L’art est-il réservé à une élite ? Comprenez-vous que l’on puisse trouver cette pratique snob ?

Non la peinture n’est pas élitiste, ce n’est pas vrai. Je crois que c’est plus une question de feeling, de ressenti. Il y en a qui l’ont et d’autres pas. Moi par exemple, j’ai toujours aimé la peinture abstraite, et je sais très bien que la plupart des gens n’arrivent pas à capter le truc. Après si tu étudies l’histoire de l’art et tu t’intéresses, si tu vas voir des tableaux, si on t’éduque, il n’y a pas de problème. Le street art est dans la rue, les gens y ont donc forcément accès plus facilement. Ça n’empêche que les musées n’ont jamais été autant visités qu’aujourd’hui. C’est l’accessibilité qui pose peut-être le plus problème.

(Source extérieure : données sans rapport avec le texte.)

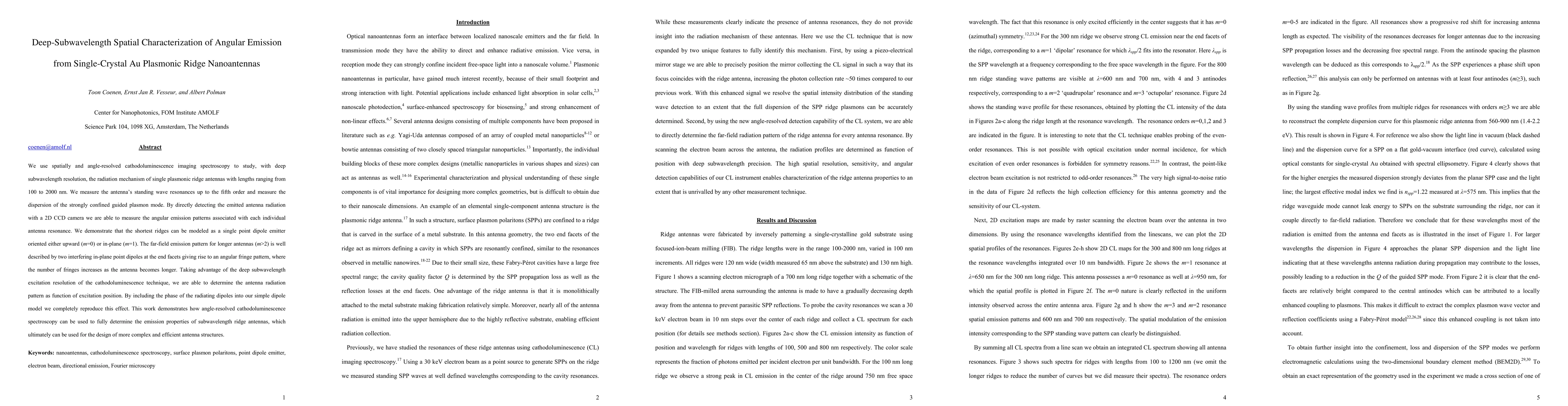 This paper investigates the angular emission patterns of single-crystal Au plasmonic ridge nanoantennas using deep-subwavelength cathodoluminescence imaging. The study reveals that shorter ridges act as single point dipoles, while longer ridges exhibit an angular fringe pattern due to two interfering in-plane dipoles, providing insights into the design of advanced antenna structures.
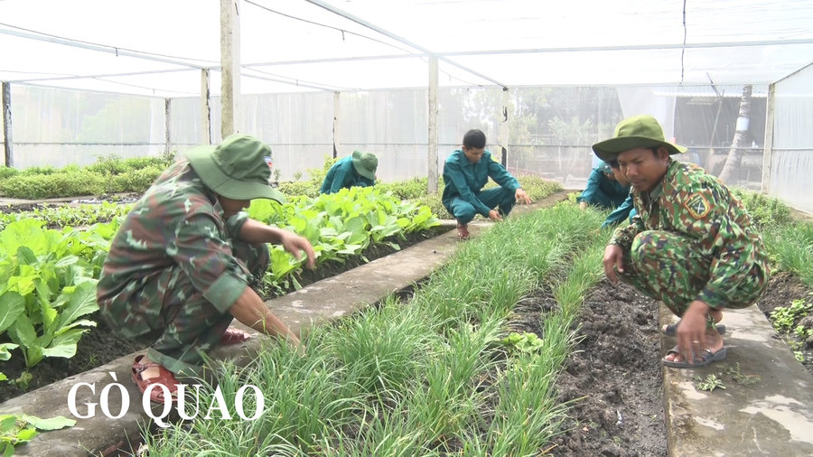 Đến Ban CHQS huyện Gò Quao vào thời điểm này, thấp thoáng phía sau khu doanh trại khang trang là những khu vực tăng gia sản xuất tập trung được quy hoạch chỉnh chu, sạch đẹp. Với bàn tay của các cán bộ, chiến sĩ, từ những mảnh đất kém phì nhiêu, những ao cá bị nhiễm phèn nay đã được cải tạo màu mỡ để nuôi trồng hiệu quả. Tùy theo điều kiện thời tiết các mùa trong năm, đơn vị đã chọn các loại cây phù hợp để canh tác, bổ sung đa dạng khẩu phần bữa ăn. Các cán bộ, chiến sĩ đơn vị cũng thường xuyên nghiên cứu, học tập các mô hình mới như nuôi ba ba, nuôi cua đinh sinh sản, áp dụng tiến bộ kỹ thuật mới vào sản xuất; chú trọng công tác phòng, chống dịch bệnh để đảm bảo đàn gia súc, gia cầm luôn sinh trưởng, phát triển tốt, cho năng suất cao, ổn định.

En tout cas les musées sont gratuits une fois par mois et libres à tous.

Comment choisissez-vous vos sujets ?

Et bien là par exemple, on est dans la rue Edmond Rostand, donc l’auteur de Cyrano de Bergerac. J’ai fait un Cyrano, j’avais envie. En fait, en habitant ici du coup je l’ai lu ; je ne l’avais pas lu, et voilà. J’aime beaucoup le personnage de Cyrano. C’est la plume et l’épée, tu vois. En fait c’est deux armes : l’arme physique et l’arme verbale.

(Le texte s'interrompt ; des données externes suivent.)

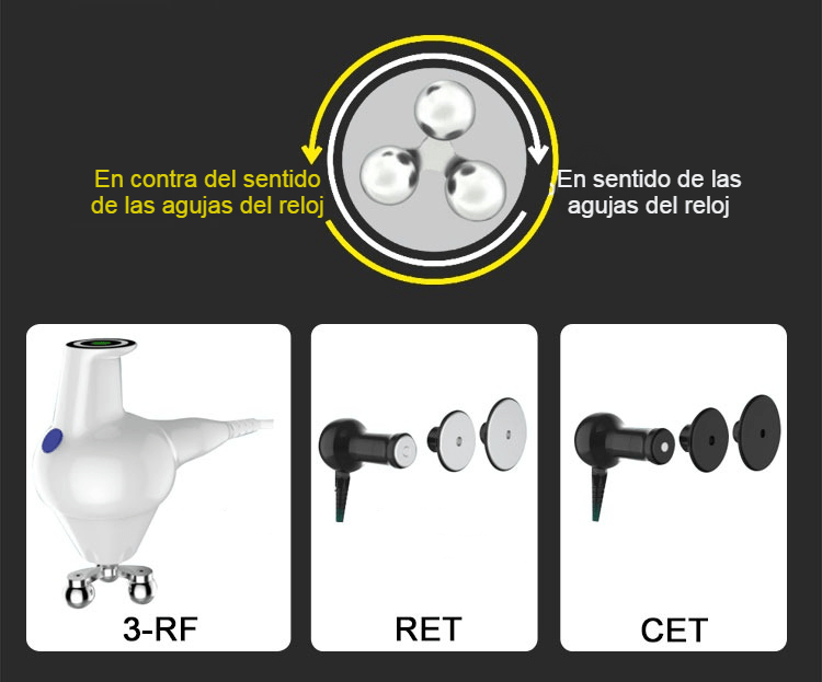 Radiofrecuencia giratoria de 360 grados, el cabezal puede girar hacia delante o hacia atrás.
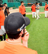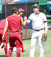 2014.06.06 15: 08선수단과 인사 나누는 조인성, '1군 전격 합류'
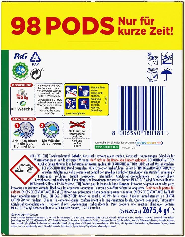Ariel Waschmittel Pods All-in-1, 98 Waschladungen (2 x 49) Universal Frischer Wäscheduft und strahle

En préparation du graff’ rue Edmond Rostand

Pourquoi ne pas tester d’autres outils ?

Moi je suis plus à l’aise avec la peinture. Après, je fais aussi du pochoir, mais il y a moins de plaisir. C’est un travail d’atelier, de découpe, et ensuite le travail de peinture est assez court. C’est beaucoup de précision, d’application, et moi je prends plus de plaisir à peindre. Mais le pochoir je kiffe aussi, j’en fais pas mal.

Est-ce que c’est facile d’être un artiste aujourd’hui ?

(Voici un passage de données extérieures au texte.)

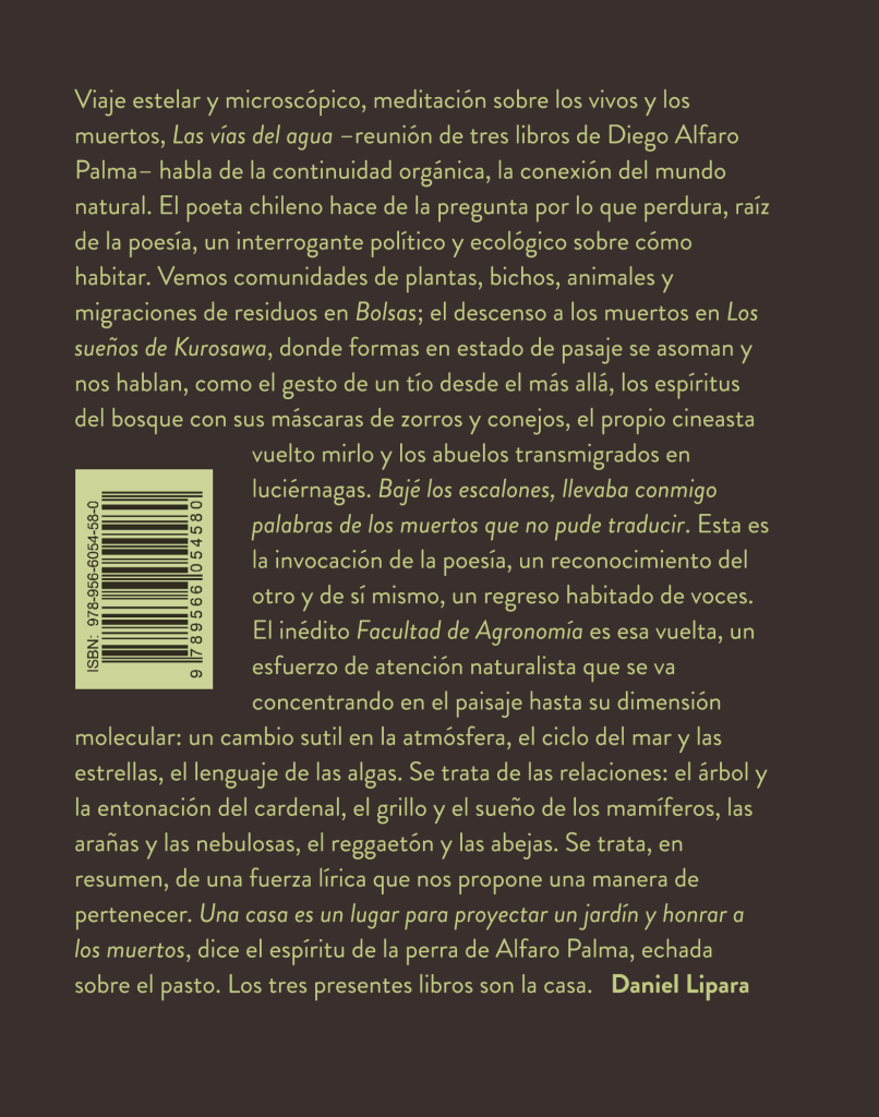 Viaje estelar y microscópico, meditación sobre los vivos y los muertos, Las vías del agua–reunión de tres libros de Diego Alfaro Palma– habla de la continuidad orgánica, la conexión del mundo natural. El poeta chileno hace de la pregunta por lo que perdura, raíz de la poesía, un interrogante político y ecológico sobre cómo habitar. Vemos comunidades de plantas, bichos, animales y migraciones de residuos en Bolsas; el descenso a los muertos en Los sueños de los sueños Kurosawa, donde formas en estado de pasaje se asoman y nos hablan, como el gesto de un tío desde el más allá, los espíritus del bosque con sus máscaras de zorros y conejos, el propio cineasta vuelto mirlo y los abuelos transmigrados en luciérnagas. “Bajé los escalones, llevaba conmigo palabras de los muertos que no pude traducir”. Esta es la invocación de la poesía, un reconocimiento del otro y de sí mismo, un regreso habitado de voces. El inédito Facultad de Agronomía es esa vuelta, un esfuerzo de atención naturalista que se va concentrando en el paisaje hasta su dimensión molecular: un cambio sutil en la atmósfera, el ciclo del mar y las estrellas, el lenguaje de las algas. Se trata de las relaciones: el árbol y la entonación del cardenal, el grillo y el sueño de los mamíferos, las arañas y las nebulosas, el reggaetón y las abejas. Se trata, en resumen, de una fuerza lírica que nos propone una manera de pertenecer. “Una casa es un lugar para proyectar un jardín y honrar a los muertos”, dice el espíritu de la perra de Alfaro Palma, echada sobre el pasto. Los tres presentes libros son la casa. Daniel Lipara
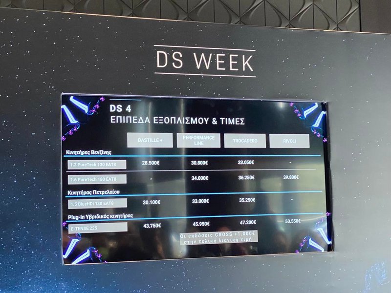 Σήμερα, η ελληνική αντιπροσωπεία της DS Automobiles ανακοινώνει τις τιμές διάθεσης του νέου DS 4 στη χώρα μας, μαζί με τις εκδόσεις εξοπλισμού του γαλλικού μοντέλου.
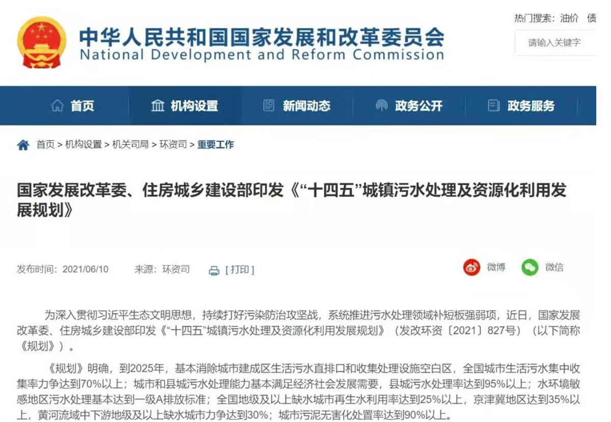 生态环境部所说的《“十四五“城镇污水处理及资源化利用发展规划》,已经于2021年6月发布。
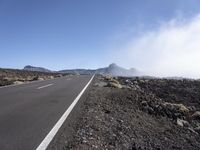 A scenic road in Tenerife, Spain cuts through a haze-covered desert landscape. The asphalt highway winds through the highlands and mountainous terrain, surrounded by clear skies. Explore the beauty of nature in Europe!
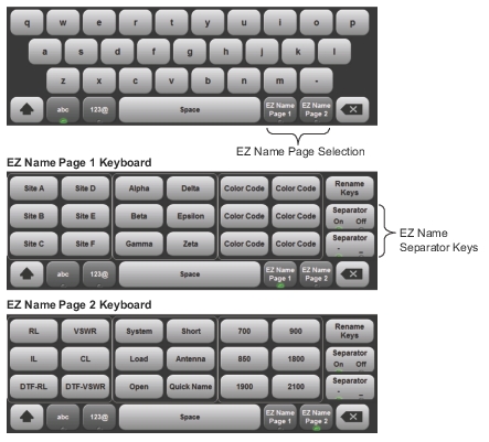 Press one of the two EZ Name Page Selection keys to display the EZ Name keyboard, then touch an EZ Name key to enter the corresponding preset character string in the Filename edit box.

Ouais, j’arrive à ramener le pain à la maison, on va dire. Je trouve que c’est plus facile d’être peintre aujourd’hui qu’il y a trente ans. Avec les réseaux, c’est quand même beaucoup plus simple de faire circuler son travail ; c’est juste que c’est un job à plein temps. En fait c’est comme être chef d’une petite entreprise, ta marque c’est ton nom. Le seul vrai problème c’est qu’il y a un défaut de rémunération dans le travail artistique par rapport à la peinture. Les musiciens, par exemple, quand ils jouent ils sont toujours payés. Mais à un moment donné, c’est aussi le jeu. Le jeu de l’art, c’est faire valoriser ta peinture. Une fois qu’elle a de la valeur, si elle est bien vendue, tu passes vite des échelons. C’est un peu une partie de poker, tu peux rafler la mise ou pas.

En tant qu’artiste, vous cherchez plus à montrer qu’à dénoncer, non ?

Complètement, d’ailleurs je crois que dénoncer c’est une arnaque. Prétendre que l’art dénonce quoi que ce soit c’est un peu, à mon avis, faire peu de cas de l’intelligence des gens. Je ne crois pas que Banksy ait appris quoi que ce soit à qui que ce soit. Je crois même que, quand Banksy va peindre le mur israélo-palestinien, il se fait de la pub sur le dos de la misère. Je ne vois pas ce qu’il dénonce. Il fait quoi, il crie « liberté » ? Ok super, bravo Banksy, heureusement que tu es là, merci. Sans toi je n’aurais pas été au courant du conflit israélo-palestinien. Grâce à ton éclairage nouveau j’y vois plus clair.